Clustering Survival Data using a Mixture of Non-parametric Experts
This addresses the underexplored integration of clustering into survival analysis for applications like precision medicine, representing an incremental advancement by combining existing concepts in a unified framework.
The paper tackles the problem of integrating clustering into survival analysis for precision medicine by introducing SurvMixClust, a novel algorithm that learns latent representations for clustering and predicts individual survival functions using a mixture of non-parametric experts.

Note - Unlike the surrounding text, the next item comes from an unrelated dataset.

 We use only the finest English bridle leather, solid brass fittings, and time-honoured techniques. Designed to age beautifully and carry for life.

Results on five public datasets show it creates balanced clusters with distinct survival curves, outperforms clustering baselines and competes with non-clustering models in predictive accuracy as measured by time-dependent c-index and log-rank metrics.

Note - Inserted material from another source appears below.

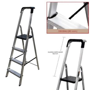 Escada Doméstica 4 Degraus em Alumínio Botafogo PRO ESC0024 Para quem procura uma escada doméstica com maior capacidade de carga e medidas maiores, apresentamos a Botafogo Pro. desenvolvida com padrão europeu, é comercializada tanto no mercado interno como no externo. Ela é sinônimo de qualidade. Proporciona maior alcance, conforto e segurança. Alcance, pois seu entre degraus é maior, tornando-a mais alta. Conforto, pois os seus degraus e patamar são maiores que os das escadas convencionais. Mais segurança, pois sua estrutura reforçada faz com que ela suporte até 150kg. Além de possuir um guarda corpo bem maior. Agora, o que é ainda mais bacana nela é o seu suporte de utilidades. Nele podemos apoiar diversas ferramentas, lâmpada e tem até um gancho para pendurar balde. É um produto certificado pelo INMETRO, 100% nacional e sustentável. Já que em seu fim de ciclo pode ser totalmente reciclável. Está disponível de 2 à 7 degraus. E ainda possui incríveis 5 anos de contra defeitos de fabricação. Então não esqueça. Escada doméstica, mas com pegada Profissional, é a Botafogo PRO Marca: Não Informado

Survival analysis aims to predict the timing of future events across various fields, from medical outcomes to customer churn. However, the integration of clustering into survival analysis, particularly for precision medicine, remains underexplored. This study introduces SurvMixClust, a novel algorithm for survival analysis that integrates clustering with survival function prediction within a unified framework. SurvMixClust learns latent representations for clustering while also predicting individual survival functions using a mixture of non-parametric experts. Our evaluations on five public datasets show that SurvMixClust creates balanced clusters with distinct survival curves, outperforms clustering baselines, and competes with non-clustering survival models in predictive accuracy, as measured by the time-dependent c-index and log-rank metrics.